Postby Straw_Mandible » Mon Jun 02, 2014 1:09 pm

Hi everyone!

I'm jumping back into LSAT prep, after easing off for a few months. I took PT55 on Saturday, and I was a bit disappointed with the outcome, but not entirely surprised. My score was a 163, with the following breakdown:

LR -3
RC -10
LR -1
LG -5

I am aware of the fact that my RC is an abomination, and my LR is on point. The LG score worries me somewhat, since I have gone -0 in the past. But the last two games on this test really stumped me. I took a few educated guesses on both of them. I have not been drilling games lately, so I hope once I review these and get back into the swing of things, I will be able to shore up my skills relatively quickly.
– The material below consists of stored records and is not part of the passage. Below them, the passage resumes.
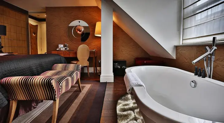 "Crowned by a roof terrace bar complete with its own hot tub, this Soho boutique hotel inhabiting two former Georgian townhouses is also known for its basement cinema."
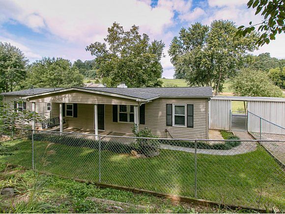 596 Mitchell Rd., Kingsport, Tenn. 37663-Wonderful 3 bedroom, 2 bath modular home on permanent foundation with built-in kitchen/den comb., large living room/dining room comb., huge, back, covered and heated and cooled sun-porch, basement has a separate entrance 2 bedroom apartment with upgrades of laminate interlocking/floating floor, all new bath fixtures, new ceramic tile in bath and sunroom; Property includes barn, situated on 3.24 acres+-, close to Colonial Heights and I-26 and Eastern Star Exit. 4 Yr home warranty - transferable to new owner. Currently leasing the downstairs part of the home but upstairs closet has a place for a set of steps to use by just one family if desired. Great opportunity and great rental or homeowner potential.
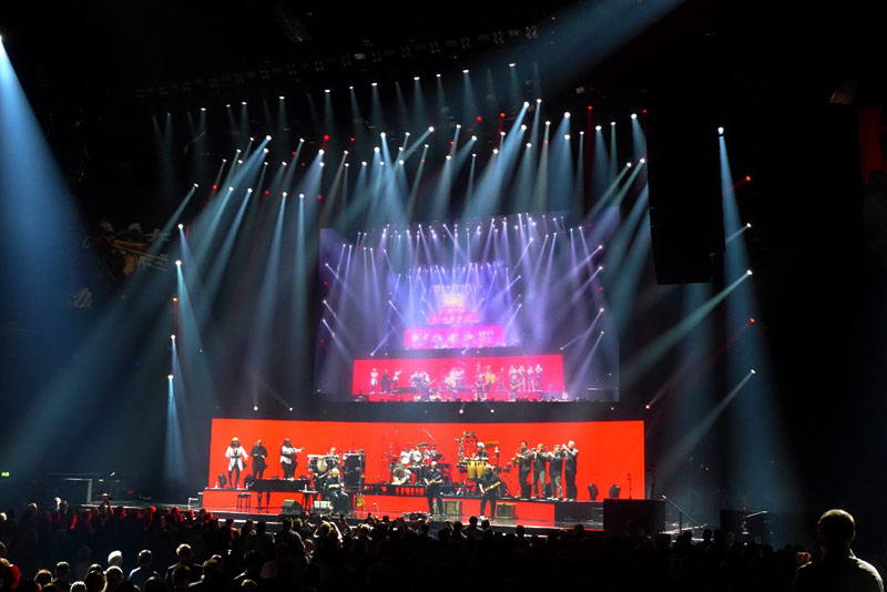 The curtain stays down throughout the first song with the spots throwing the silhouette of the band onto the cloth as a minimalistic background. While at the end of each show of the First Final Farewell tour in 2004 and 2005 a curtain would close at the end of Take Me Home, this curtain opens at the beginning of the second song, revealing the stage. It is much simpler than twelve years ago. There is a platform for singers, brass, keyboards, drums and percussion. Guitars and bass stand in front of the platform. There is a grand piano on the very left, whereas earlier there would only stand an e-piano. Behind the stage there is a 12ft LED screen topped with single varilights. Above these is a classic video screen. The stage design reminds me a bit of the No Jacket Required tour. Less is more. But this stage will show that it is capable of more than it appears to do.

The RC section is the bane of my existence. I had never considered myself illiterate before I started studying for the LSAT, but now I'm strongly considering joining a support group. (Or, alternatively, re-enrolling in elementary school classes.) When I start an RC section, my anxiety is through the roof, in a manner that simply doesn't occur in the other sections. To give you an idea, on my last PT (54, in February) I scored a 170, and the breakdown was -1 combined LR, -0 LG, and -10 RC. I have never finished an RC section in time, and I often find myself reading and rereading sections of the passage without drawing any meaning from them whatsoever. It's a serious problem, which I have no idea how to solve, so I'm coming to you for help!

I have been drilling passages untimed, and I nearly always go -0. It's the pressure of reading quickly that causes me to lose my focus. My plan is to just start drilling the hell out of full, timed RC sections, as a sort of baptism by fire. Does this seem like a good place to start? Feeling frustrated.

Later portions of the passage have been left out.